Databases 10 min read

Estimating Oracle Data Pump Export Size Without Impacting Production

This article explains how to use Oracle Data Pump's ESTIMATE and ESTIMATE_ONLY parameters to assess the size of a 1 TB production database for migration, compares BLOCKS and STATISTICS estimation methods, and details best practices for gathering accurate optimizer statistics with ANALYZE and DBMS_STATS.

21CTO
21CTO
21CTO
Estimating Oracle Data Pump Export Size Without Impacting Production

When you need to migrate a large Oracle production database (e.g., 1 TB) without affecting its performance, you can use Data Pump's ESTIMATE and ESTIMATE_ONLY parameters to calculate the export size without actually performing the export.

ESTIMATE Parameter Overview

The ESTIMATE option accepts two values:

BLOCKS – calculates size based on the number of data blocks and block size (default).
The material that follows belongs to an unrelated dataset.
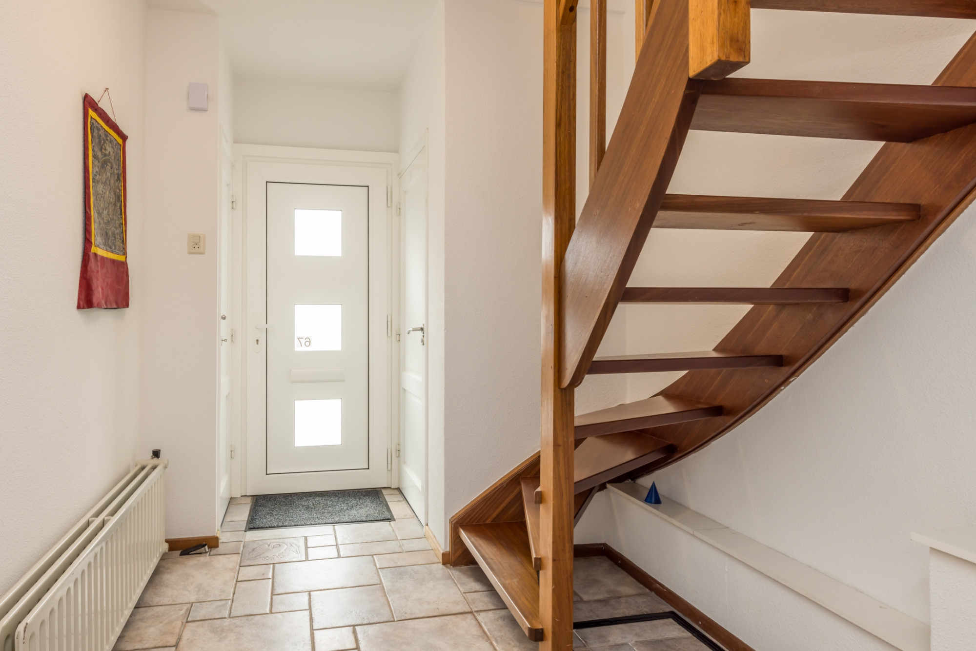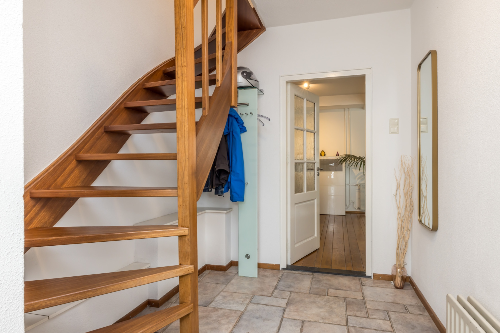 Entree. Hal met tegelvloer, meterkast, trapopgang en toegang naar de woonkamer.

STATISTICS – uses per‑table statistics collected by the optimizer.

Example Commands

$expdp '/ as sysdba' ESTIMATE_ONLY=y FULL=y ESTIMATE=blocks
$expdp '/ as sysdba' ESTIMATE_ONLY=y FULL=y ESTIMATE=statistics

Result Comparison

Using ESTIMATE=blocks produced an estimated size of 2599 GB in 00:02:50 . Using ESTIMATE=statistics gave 2132 GB in 00:04:40 . The two methods differ because BLOCKS simply multiplies block count by block size, while STATISTICS examines actual table data distribution.

The BLOCKS method tends to over‑estimate, which is safer for capacity planning, especially when tables are compressed; in such cases STATISTICS may underestimate.
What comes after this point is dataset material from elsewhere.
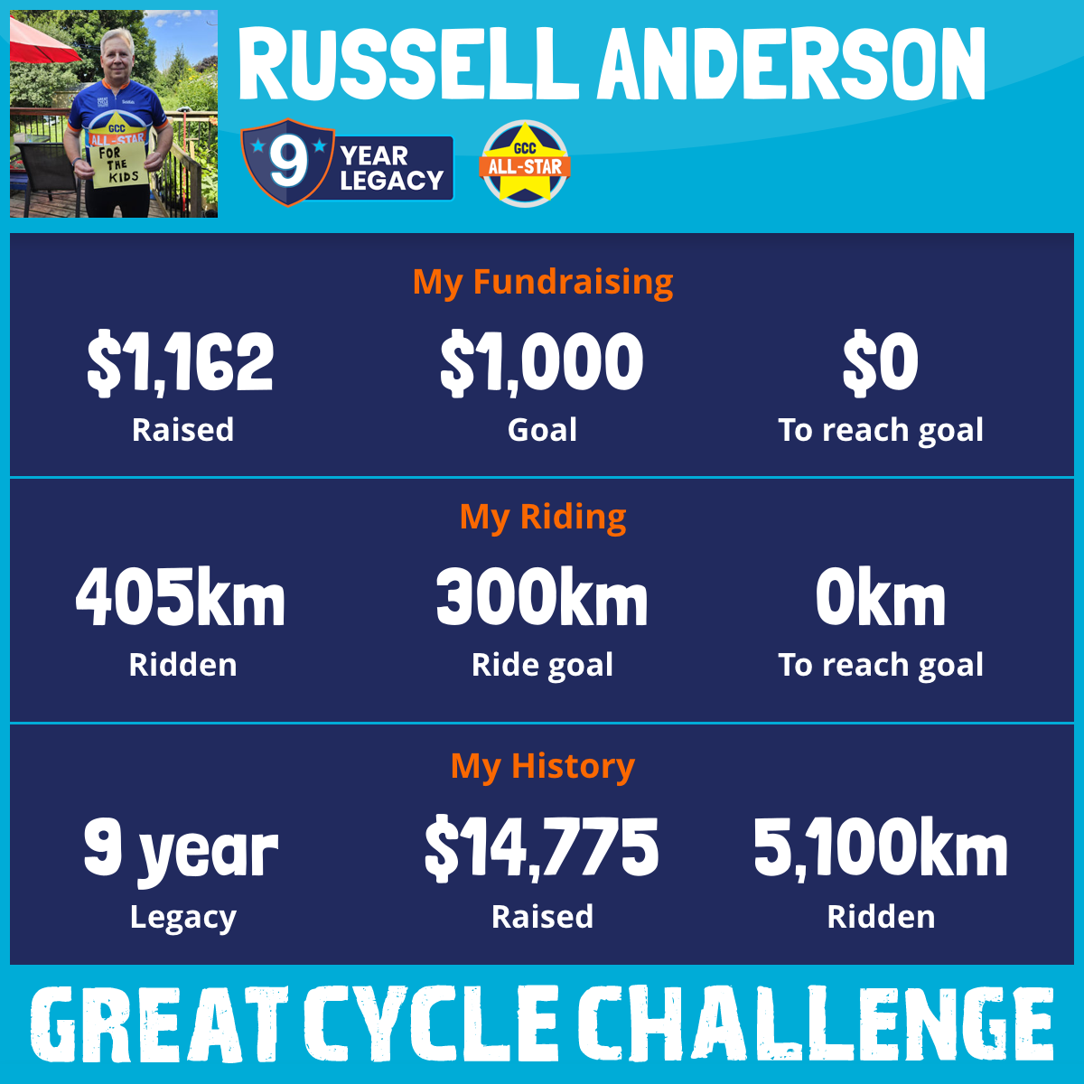 405 km Ridden$1,162 Raised2026

Oracle Optimizer Statistics

The Cost‑Based Optimizer (CBO) relies on statistics about tables, columns, indexes, and system resources. Key statistic sources include:

Table statistics: rows, blocks, average row length (view ALL_TABLES).

Column statistics: distinct values, null count, histograms (view DBA_TAB_COLUMNS).

Index statistics: leaf blocks, clustering factor, B‑level (view DBA_INDEXES).

System statistics: I/O and CPU usage (stored in AUX_STATS$).

Collecting Statistics

Two main approaches exist:

1. ANALYZE Statement

The ANALYZE command can gather table, index, column, and system statistics, and optionally create histograms. Example syntax:

ANALYZE TABLE schema.table COMPUTE STATISTICS FOR ALL COLUMNS SIZE AUTO;

Histograms divide column values into buckets to capture data distribution.

2. DBMS_STATS Package

The preferred method is the DBMS_STATS package, which offers procedures such as:

GATHER_DATABASE_STATS
GATHER_DICTIONARY_STATS
GATHER_FIXED_OBJECTS_STATS
GATHER_INDEX_STATS
GATHER_SCHEMA_STATS
GATHER_SYSTEM_STATS
GATHER_TABLE_STATS

Example calls:

EXEC DBMS_STATS.GATHER_SCHEMA_STATS('SCOTT', estimate_percent=>80, method_opt=>'FOR ALL COLUMNS SIZE AUTO', degree=>4, cascade=>TRUE);
EXEC DBMS_STATS.GATHER_TABLE_STATS('SCOTT','EMP', estimate_percent=>80, method_opt=>'FOR ALL COLUMNS SIZE AUTO', degree=>4, cascade=>TRUE);

Key differences between ANALYZE and DBMS_STATS: ANALYZE cannot collect statistics on internal system objects; DBMS_STATS can. ANALYZE does not support partitioned tables correctly; DBMS_STATS does via the GRANULARITY option. ANALYZE runs serially; DBMS_STATS can run in parallel (e.g., DEGREE=>4).

Oracle recommends using DBMS_STATS and plans to deprecate ANALYZE.

Practical Recommendations

Use ESTIMATE=blocks for a conservative size estimate when planning migrations.

Prefer DBMS_STATS for gathering up‑to‑date optimizer statistics.

Refresh monitoring info with DBMS_STATS.FLUSH_DATABASE_MONITORING_INFO if needed.

Summary

1. You can safely estimate the size of a production Oracle database using Data Pump's ESTIMATE and ESTIMATE_ONLY parameters without impacting performance.

2. Oracle's CBO relies on accurate statistics and histograms; collecting them via DBMS_STATS is the recommended approach.

3. For migration capacity planning, the default BLOCKS estimation method provides a safe upper bound.